▶ [PROBLEM REQUIREMENTS]: Return the listing below unchanged, minus its pictures.

▶ [COLLECTED MATERIAL]:
BEGIN
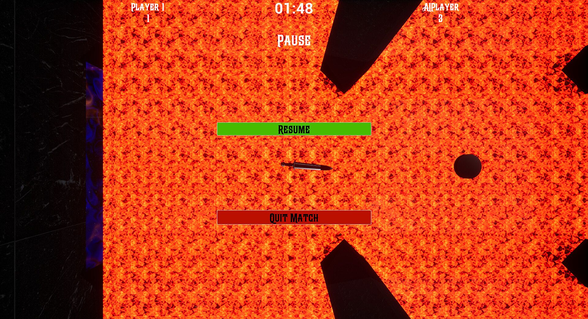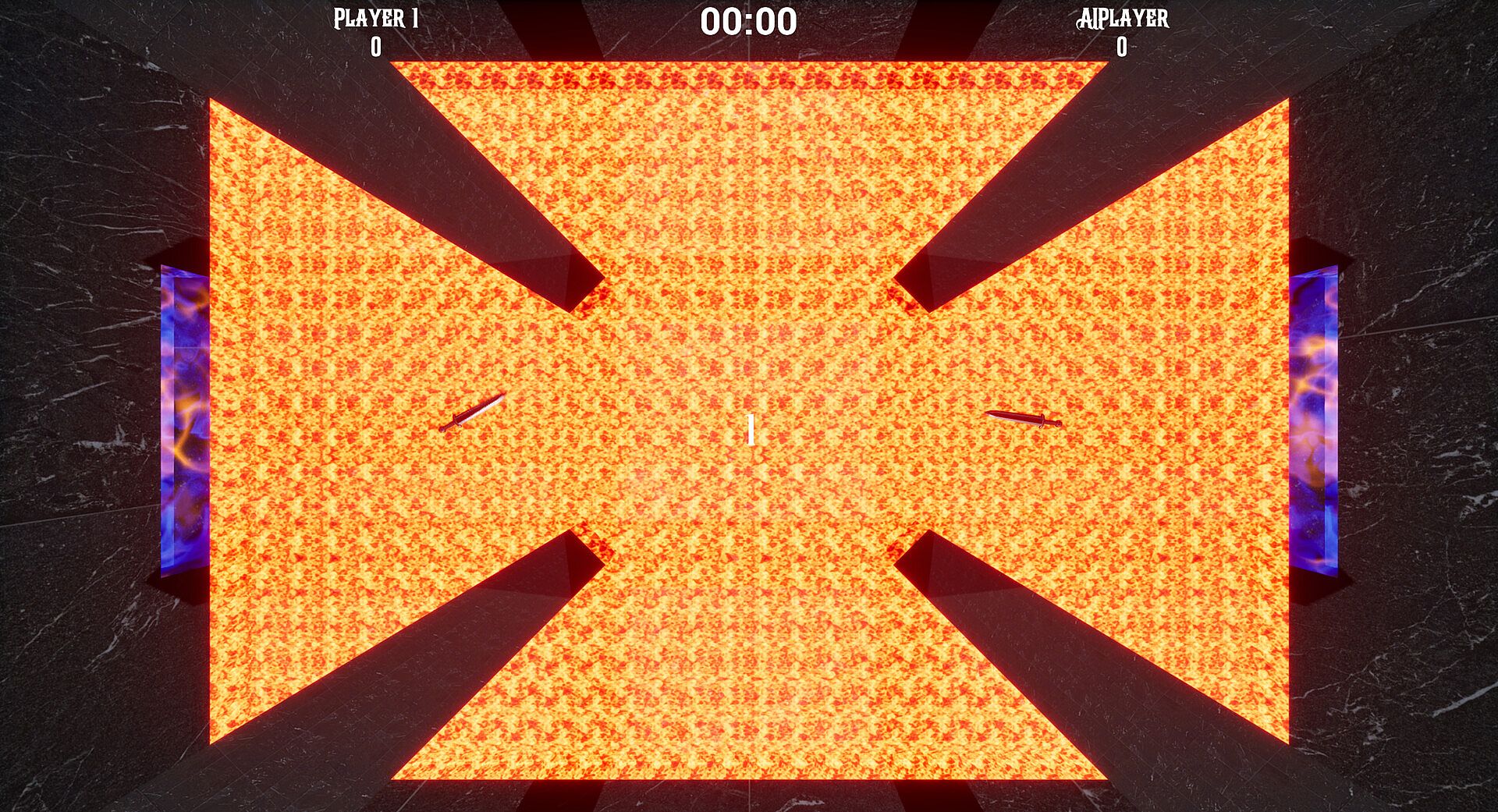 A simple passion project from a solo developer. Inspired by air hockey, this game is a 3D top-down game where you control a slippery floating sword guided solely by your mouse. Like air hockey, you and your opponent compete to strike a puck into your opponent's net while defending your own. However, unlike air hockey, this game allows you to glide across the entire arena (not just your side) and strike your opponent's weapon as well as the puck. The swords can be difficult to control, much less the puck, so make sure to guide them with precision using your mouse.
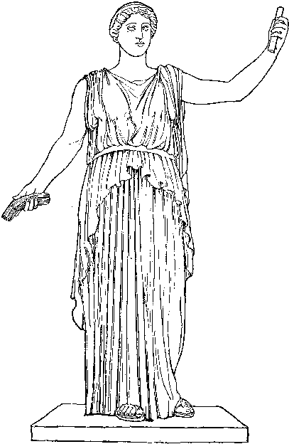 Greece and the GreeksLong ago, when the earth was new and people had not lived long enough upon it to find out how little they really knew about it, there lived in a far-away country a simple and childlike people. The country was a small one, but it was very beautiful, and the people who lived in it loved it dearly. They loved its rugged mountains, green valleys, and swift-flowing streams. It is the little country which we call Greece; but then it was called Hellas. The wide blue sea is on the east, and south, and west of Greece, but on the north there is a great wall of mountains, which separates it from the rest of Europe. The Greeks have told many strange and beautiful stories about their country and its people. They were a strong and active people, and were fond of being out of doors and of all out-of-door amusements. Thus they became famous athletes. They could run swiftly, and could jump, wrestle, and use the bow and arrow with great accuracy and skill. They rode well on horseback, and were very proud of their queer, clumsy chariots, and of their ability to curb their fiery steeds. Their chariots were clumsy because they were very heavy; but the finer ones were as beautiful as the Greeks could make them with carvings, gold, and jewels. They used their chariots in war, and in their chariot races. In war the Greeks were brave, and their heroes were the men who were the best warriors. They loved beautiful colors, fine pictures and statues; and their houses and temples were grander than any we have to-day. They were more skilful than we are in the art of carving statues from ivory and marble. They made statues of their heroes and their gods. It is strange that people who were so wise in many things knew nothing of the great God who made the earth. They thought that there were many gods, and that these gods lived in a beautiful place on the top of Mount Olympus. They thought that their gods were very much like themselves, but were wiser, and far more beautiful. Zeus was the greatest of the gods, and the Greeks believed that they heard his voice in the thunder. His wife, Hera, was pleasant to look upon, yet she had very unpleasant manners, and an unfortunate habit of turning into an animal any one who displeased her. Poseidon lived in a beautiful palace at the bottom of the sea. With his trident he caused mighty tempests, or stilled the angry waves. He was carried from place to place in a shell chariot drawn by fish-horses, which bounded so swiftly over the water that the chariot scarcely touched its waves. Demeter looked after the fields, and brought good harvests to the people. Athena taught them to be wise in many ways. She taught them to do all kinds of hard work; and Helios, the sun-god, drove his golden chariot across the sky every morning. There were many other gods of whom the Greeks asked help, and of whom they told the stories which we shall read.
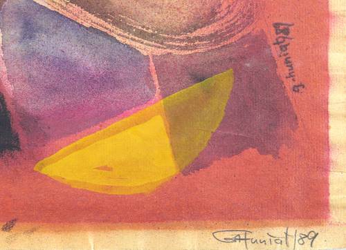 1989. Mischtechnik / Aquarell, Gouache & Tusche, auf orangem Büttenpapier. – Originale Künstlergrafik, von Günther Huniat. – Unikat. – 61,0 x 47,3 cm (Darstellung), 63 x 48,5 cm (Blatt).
END
▶ [WRITTEN RESPONSE]:
 A simple passion project from a solo developer. Inspired by air hockey, this game is a 3D top-down game where you control a slippery floating sword guided solely by your mouse. Like air hockey, you and your opponent compete to strike a puck into your opponent's net while defending your own. However, unlike air hockey, this game allows you to glide across the entire arena (not just your side) and strike your opponent's weapon as well as the puck. The swords can be difficult to control, much less the puck, so make sure to guide them with precision using your mouse.
 Greece and the GreeksLong ago, when the earth was new and people had not lived long enough upon it to find out how little they really knew about it, there lived in a far-away country a simple and childlike people. The country was a small one, but it was very beautiful, and the people who lived in it loved it dearly. They loved its rugged mountains, green valleys, and swift-flowing streams. It is the little country which we call Greece; but then it was called Hellas. The wide blue sea is on the east, and south, and west of Greece, but on the north there is a great wall of mountains, which separates it from the rest of Europe. The Greeks have told many strange and beautiful stories about their country and its people. They were a strong and active people, and were fond of being out of doors and of all out-of-door amusements. Thus they became famous athletes. They could run swiftly, and could jump, wrestle, and use the bow and arrow with great accuracy and skill. They rode well on horseback, and were very proud of their queer, clumsy chariots, and of their ability to curb their fiery steeds. Their chariots were clumsy because they were very heavy; but the finer ones were as beautiful as the Greeks could make them with carvings, gold, and jewels. They used their chariots in war, and in their chariot races. In war the Greeks were brave, and their heroes were the men who were the best warriors. They loved beautiful colors, fine pictures and statues; and their houses and temples were grander than any we have to-day. They were more skilful than we are in the art of carving statues from ivory and marble. They made statues of their heroes and their gods. It is strange that people who were so wise in many things knew nothing of the great God who made the earth. They thought that there were many gods, and that these gods lived in a beautiful place on the top of Mount Olympus. They thought that their gods were very much like themselves, but were wiser, and far more beautiful. Zeus was the greatest of the gods, and the Greeks believed that they heard his voice in the thunder. His wife, Hera, was pleasant to look upon, yet she had very unpleasant manners, and an unfortunate habit of turning into an animal any one who displeased her. Poseidon lived in a beautiful palace at the bottom of the sea. With his trident he caused mighty tempests, or stilled the angry waves. He was carried from place to place in a shell chariot drawn by fish-horses, which bounded so swiftly over the water that the chariot scarcely touched its waves. Demeter looked after the fields, and brought good harvests to the people. Athena taught them to be wise in many ways. She taught them to do all kinds of hard work; and Helios, the sun-god, drove his golden chariot across the sky every morning. There were many other gods of whom the Greeks asked help, and of whom they told the stories which we shall read.
 1989. Mischtechnik / Aquarell, Gouache & Tusche, auf orangem Büttenpapier. – Originale Künstlergrafik, von Günther Huniat. – Unikat. – 61,0 x 47,3 cm (Darstellung), 63 x 48,5 cm (Blatt).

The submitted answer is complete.